Re: Filtering the needed facts of very large internal database files

Posted: 10 Jun 2022 21:10
by Harrison Pratt
Maybe something like this?

Code: Select all

class facts     myData : (string).   class predicates     readProductTerms : (string InFile, string ProductCode). clauses     readProductTerms(InFile, ProductCode) :-         Input = inputStream_file::openFile8(InFile),         SearchCode = string::format(string::format(",\"%\",", ProductCode)),         foreach Input:repeatToEndOfStream() and S = Input:readLine() and string::length(S) > 8 and string::search(S, SearchCode) > 0 do             % do your custom parsing here             assert(myData("Some data you extract from S"))         end foreach,         Input:close().
Given the large size of your application data, you might want to create a productReader class that creates instances of a productReader that read each ProductCode.

Re: Filtering the needed facts of very large internal database files

Posted: 11 Jun 2022 7:48
by Kari Rastas
The readLine produces a string.

Assert needs that string to be identified as a fact.

That is the problem, to which I do not know the solution. I suppose there must be some predicate to perform that.

It would rather useful in case of very large internal databases to pick the wanted/needed facts using inputstream and forming a smaller database straight to memory. Naturally that also can be easily to accomplished by writing the picked fact strings to a output stream forming a new smaller database in a file and then consulting that new database.
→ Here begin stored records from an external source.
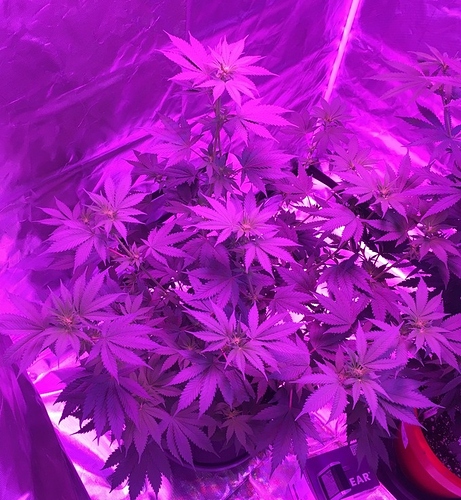So here’s a little update on my first grow… or a big one! I have my 2 4x4 tents set up. 1 8in exhaust split to 2 6in to a carbon filter. Veg tent has 1 blueberry auto, 2 purple haze and a gold leaf( all but the auto have been topped twice) the flower tent is just some bag seed I was playing with first. All of them r in 7 gallon cloth pots and 1 is in a random pot I had.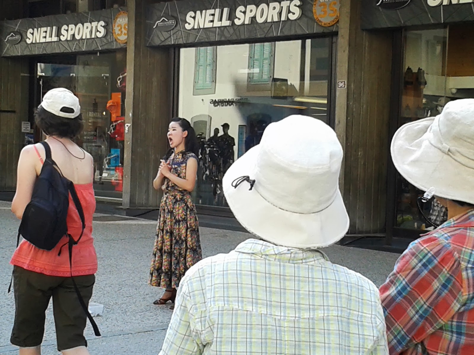 シャモニーの歌姫に日本人観光客もしばし足を止め彼女の歌に聞き入る。小山さんはストラスブルグで声楽を勉強中だ。将来は現代音楽へ行くかもしれないと語った。 夏のバカンスでシャモニーに来ていてレストランでアルバイトをしているという。休憩中に広場で歌をうたっているのだと説明してくれた。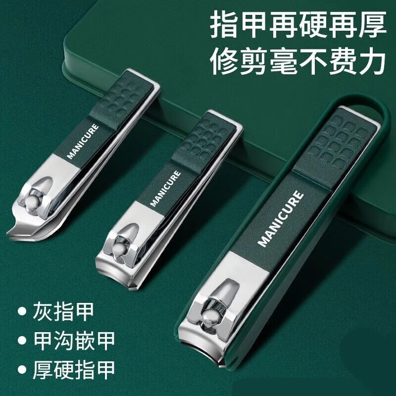 洋臣精工指甲剪套装家用修脚专用指甲刀单个大号平口指甲钳四件套 墨绿色4件套礼盒【单套装】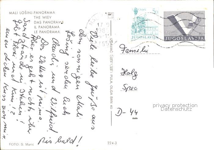 old postcard Mali Losinj Ortsansicht postalisch gelaufen Erhaltung siehe scans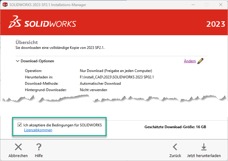 Nun steht dem Download des SOLIDWORKS Installations-Manager nichts mehr im Wege. Damit ist aber noch nicht die ganze Arbeit getan.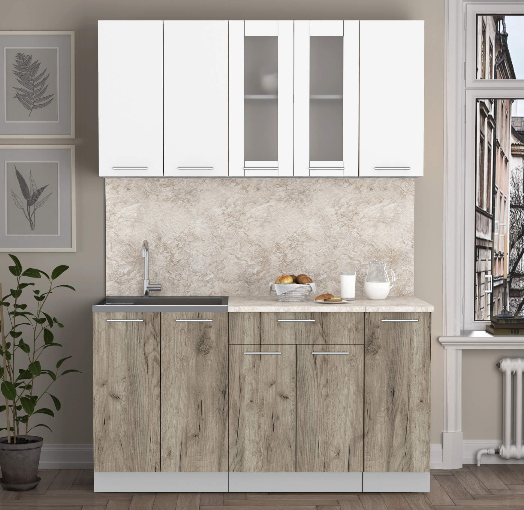 ГОТОВАЯ КУХНЯ "МИЛА15" (БЕЛЫЙ/ ДУБ СЕРЫЙ) - Yuta.by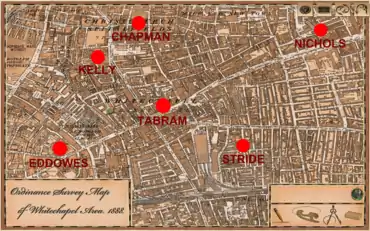 Pour déterminer le quartier de résidence du tueur, le détective utilise une carte de Whitechapel qu'il complète petit à petit avec les différents éléments à sa disposition, de manière à cercler le plus précisément possible la zone d'habitation du meurtrier.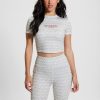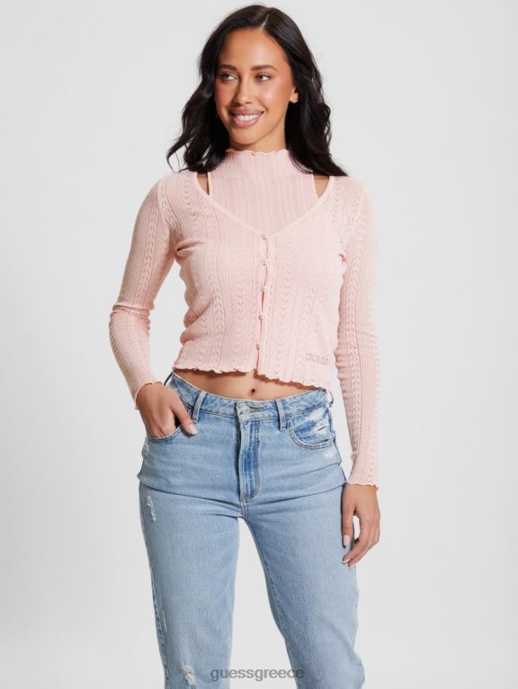 GUESS γυναίκες κροπ μπλουζάκι mock λαιμόκοψης ντάλια χαμηλών τόνων ροζ lurex ενδύματα J46DJ1104

Re: Filtering the needed facts of very large internal database files

Posted: 11 Jun 2022 10:54
by Harrison Pratt
If the data on disk is already in the form of VIP prolog facts, you can do something like the below to assert facts into different databases (if those facts have different structures).

Code: Select all

class facts - myDataDB     myData : (string).   class facts - yourDataDB     yourData : (integer).   clauses     run() :-         MyS = "myData( \"III\" )",         YourS = "yourData(333)",         if MyTerm = tryToTerm(myDataDB, MyS) and YourTerm = tryToTerm(yourDataDB, YourS) then             assert(MyTerm),             assert(YourTerm)         end if.

Re: Filtering the needed facts of very large internal database files

Posted: 11 Jun 2022 16:26
by Kari Rastas
Of course the large datafile is in VIP dataformat. I would not have asked the question, if it would not been. I have used PDC prolog for over 30 years.

That tryToTerm(myDataDB, String) is exactly what I need and what I was originally searching, but there is a "problem". It doesn't exist, at least not in VIP7.5, which I mainly use. it demands tryToTerm(_). When I tried that toTerm before writing this question the forum, the answer was that the type of term can not be decided. I have not yet checked the situation with VIP10.

I have VIP10 (updated it 5 months ago), but I have not yet started to use, because when I updated the code for my picture DLL the new font - "type" caused some problems (with choosing the angle of the text). I have had not the energy and time to figure out the needed changes. Nowadays it takes time and lots of coffee to find the needed new information, so large the VIP has become because the demands of developement of computers and programming languages.

Re: Filtering the needed facts of very large internal database files

Posted: 12 Jun 2022 14:04
by Harrison Pratt
Have you considered writing a tiny tool in Vip10 just to do the data allocation so you can continue to use your Vip7.5 application? It would be a "safe" and easy way to get up to speed on Vip10. The conversion of your 7.5 legacy app(s) in their entirety could be tedious.

Re: Filtering the needed facts of very large internal database files

Posted: 13 Jun 2022 9:33
by Thomas Linder Puls
Writing:

Code: Select all

hasDomain(myDataDB, MyTerm), MyTerm = tryToTerm(MyS)
Will give same effect as:

Code: Select all

MyTerm = tryToTerm(myDataDB, MyS)
When we have that much data we always store it in an SQL database (but usually we also have the need to share it simultaneously between many clients).

But when having it in memory you should really consider creating some "indexes" in form of maps and the like. See Collection library. I can't remember how the collection library looked in vip 7.3, but I am pretty sure that there were at least algebraic red-black trees.